** INFORMATION GIVEN follows **

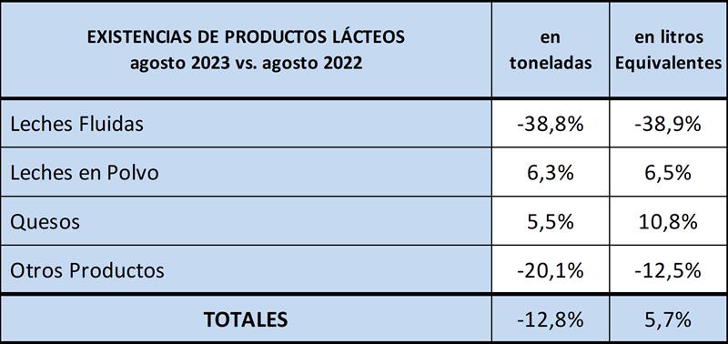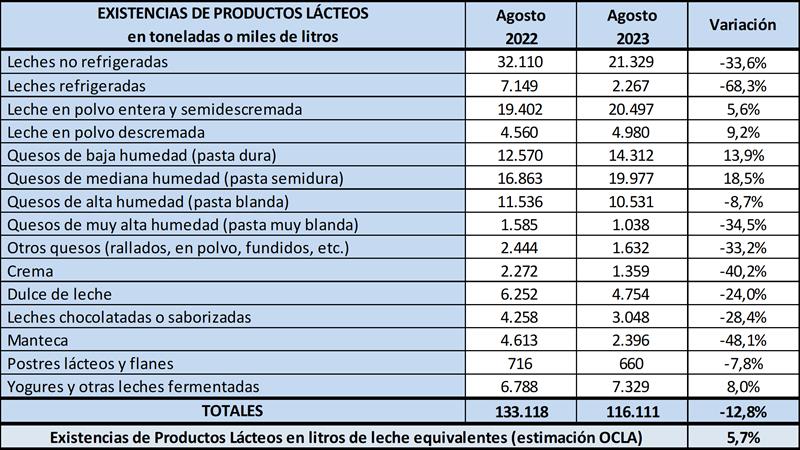 Existencias de Productos Lácteos – agosto 2023 26/10/2023
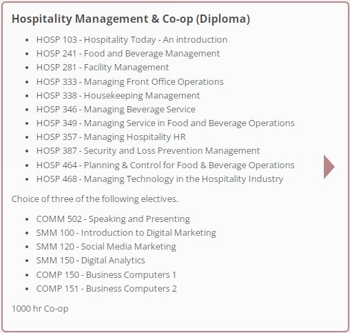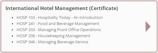 Hospitality Marketing and Sales (Certificate): Este programa é projetado para estudantes interessados em prosseguir carreiras em marketing e vendas dentro da indústria de hotelaria.
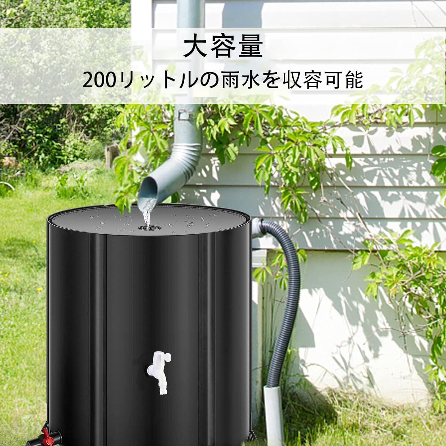 LOOGHARTTE 折りたたみ可能な雨水タンク 家庭用 - 200L携帯用水タンク 雨水、折り畳み式の貯水タンク 屋外のダウンスパウト、フィルター&スピゴット&オーバーフローキット付きの雨水タンク 集水器 (ブラック)
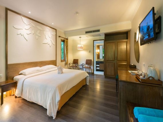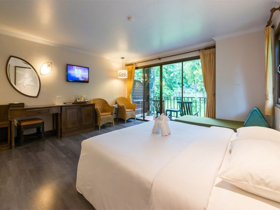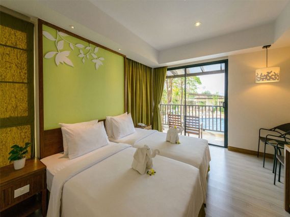 The Leaf on The Sands by Katathani — это трёхзвёздочный курорт, расположенный в центре Кхао Лака, Таиланд. Отель предлагает комфортный отдых в окружении тропической природы, всего в 5 минутах ходьбы от пляжа Нанг Тхонг.
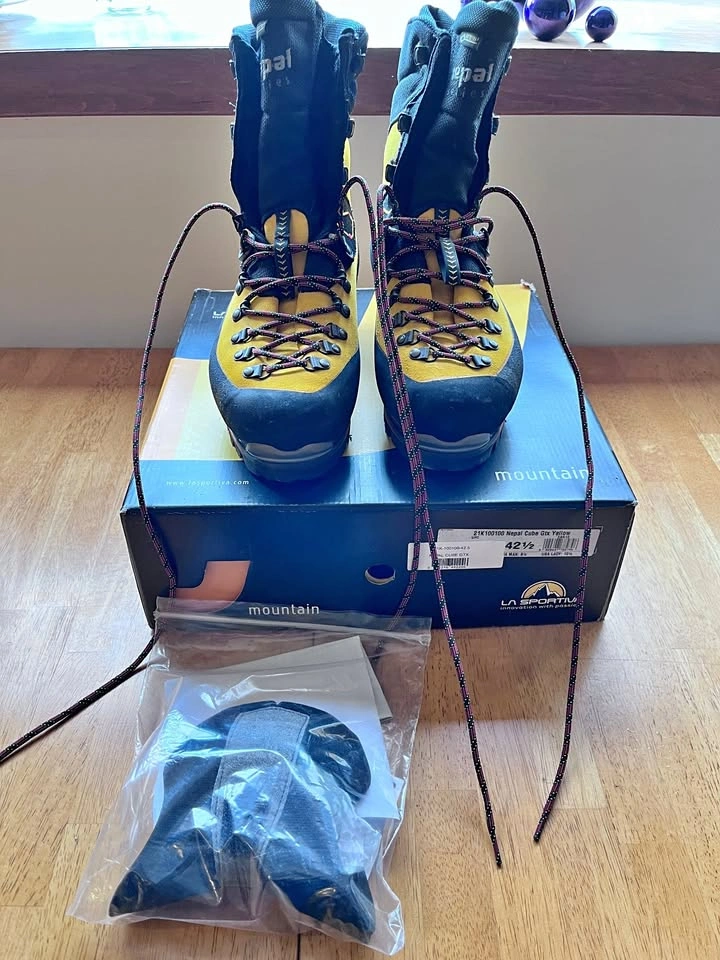 65La Sportiva Goretex-based outdoor/mountaineering boots, size EU 42.5. Crampon compatible! Will keep you glued to terrain. New in box, great deal--retails for $649-$699.
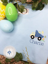 What a great left chest design for the boys, especially the older ones. Mini dump truck, eggs plus name or initials. Sample shown on short sleeve light blue shirt, but is also available in white.
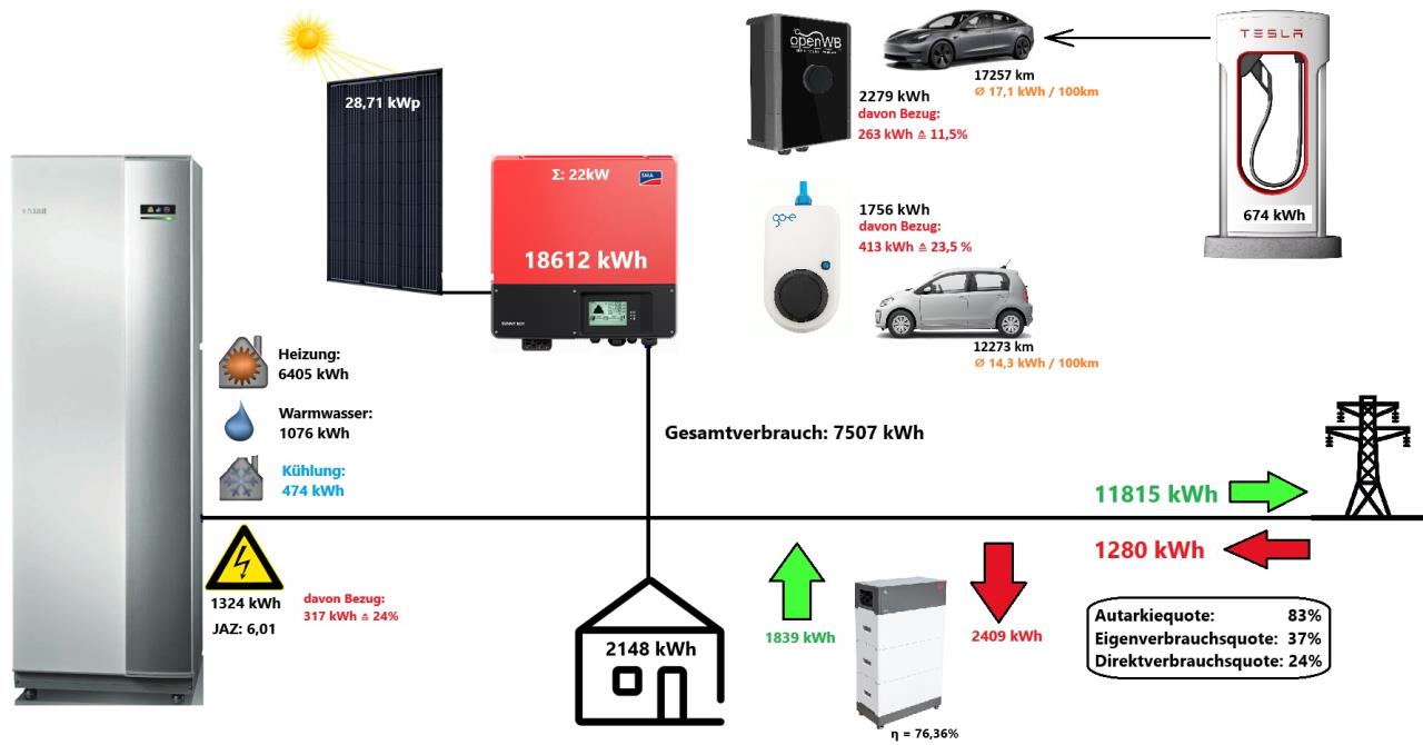 WW: 83 kWh(el) mit 100% PV-Überschuss-Heizstab
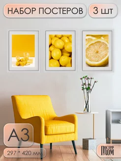 Постеры интерьерные на стену в кухню желтая эстетика Лимоны
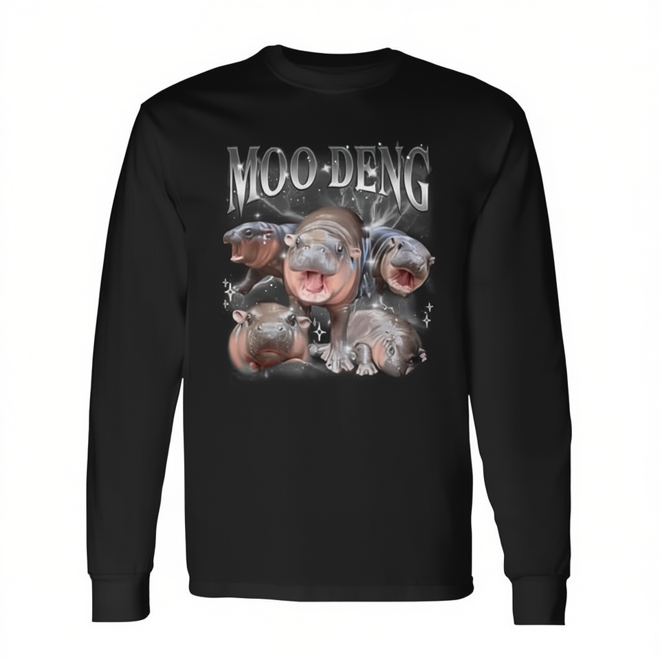 T-shirt a maniche lunghe Moo-Deng Baby Pigmy Hippo dal design vintage divertente
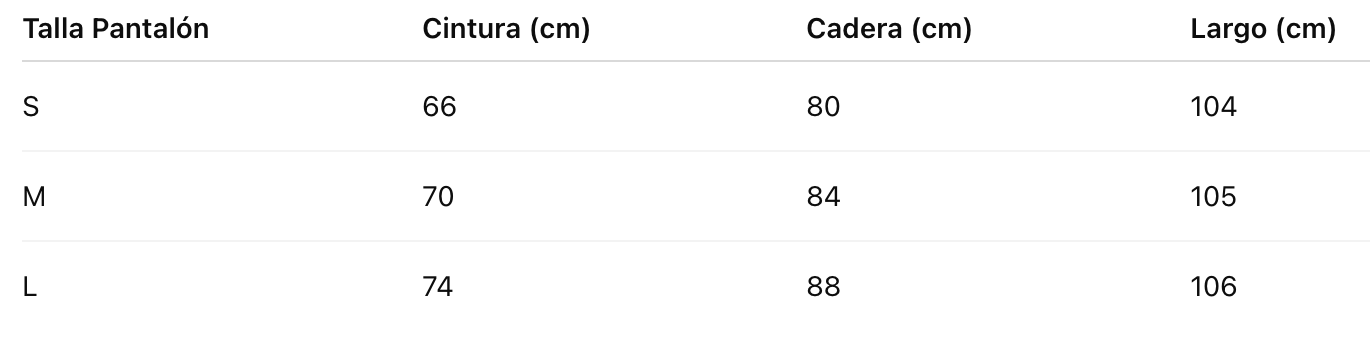Talla Pantalón Cintura (cm) Cadera (cm) Largo (cm)
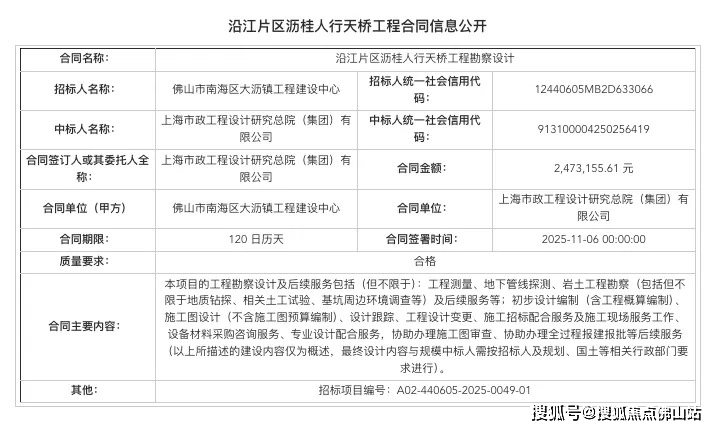 近日,沿江片区沥桂人行天桥工程勘察设计中标结果公示。
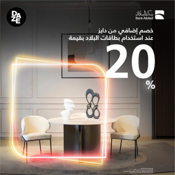 فرصتك الآن لشراء أثاث بيتك أو شقتك أو في حال رغبت في تجديد أثاث منزلك استمتع بخصم 20% مع بطاقات البلاد ودايز للأثاث عند الدفع ببطاقات بنك البلاد الائتمانية أو بطاقة مدى!
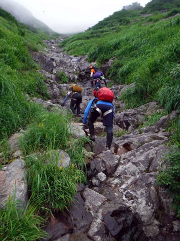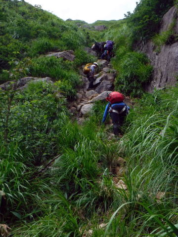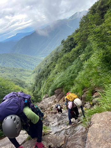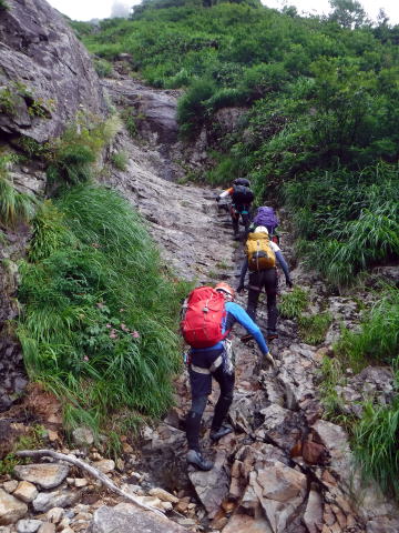 タラタラのセン、巻いたのち、30分ほど休憩へ。少し良くなったようで、山行を続けます。エスケープがないので、ここまでくると救助呼ぶほどでもなければ登る選択肢しかありません。ヒマラーさんは少し辛そうでした。
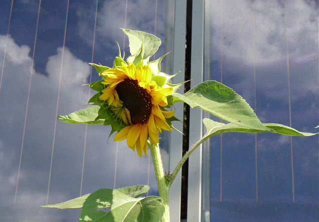 Nous avons des panneaux solaires pour l'eau chaude et le chauffage. Cette année, j'ai mis une rangée de tournesol devant les panneaux pour faire joli...

** End of INFORMATION GIVEN **

A word-for-word reprint of the listing above is needed, minus the pictures.

## ANSWER SECTION
 Existencias de Productos Lácteos – agosto 2023 26/10/2023
 Hospitality Marketing and Sales (Certificate): Este programa é projetado para estudantes interessados em prosseguir carreiras em marketing e vendas dentro da indústria de hotelaria.
 LOOGHARTTE 折りたたみ可能な雨水タンク 家庭用 - 200L携帯用水タンク 雨水、折り畳み式の貯水タンク 屋外のダウンスパウト、フィルター&スピゴット&オーバーフローキット付きの雨水タンク 集水器 (ブラック)
 The Leaf on The Sands by Katathani — это трёхзвёздочный курорт, расположенный в центре Кхао Лака, Таиланд. Отель предлагает комфортный отдых в окружении тропической природы, всего в 5 минутах ходьбы от пляжа Нанг Тхонг.
 65La Sportiva Goretex-based outdoor/mountaineering boots, size EU 42.5. Crampon compatible! Will keep you glued to terrain. New in box, great deal--retails for $649-$699.
 What a great left chest design for the boys, especially the older ones. Mini dump truck, eggs plus name or initials. Sample shown on short sleeve light blue shirt, but is also available in white.
 WW: 83 kWh(el) mit 100% PV-Überschuss-Heizstab
 Постеры интерьерные на стену в кухню желтая эстетика Лимоны
 T-shirt a maniche lunghe Moo-Deng Baby Pigmy Hippo dal design vintage divertente
Talla Pantalón Cintura (cm) Cadera (cm) Largo (cm)
 近日,沿江片区沥桂人行天桥工程勘察设计中标结果公示。
 فرصتك الآن لشراء أثاث بيتك أو شقتك أو في حال رغبت في تجديد أثاث منزلك استمتع بخصم 20% مع بطاقات البلاد ودايز للأثاث عند الدفع ببطاقات بنك البلاد الائتمانية أو بطاقة مدى!
 タラタラのセン、巻いたのち、30分ほど休憩へ。少し良くなったようで、山行を続けます。エスケープがないので、ここまでくると救助呼ぶほどでもなければ登る選択肢しかありません。ヒマラーさんは少し辛そうでした。
 Nous avons des panneaux solaires pour l'eau chaude et le chauffage. Cette année, j'ai mis une rangée de tournesol devant les panneaux pour faire joli...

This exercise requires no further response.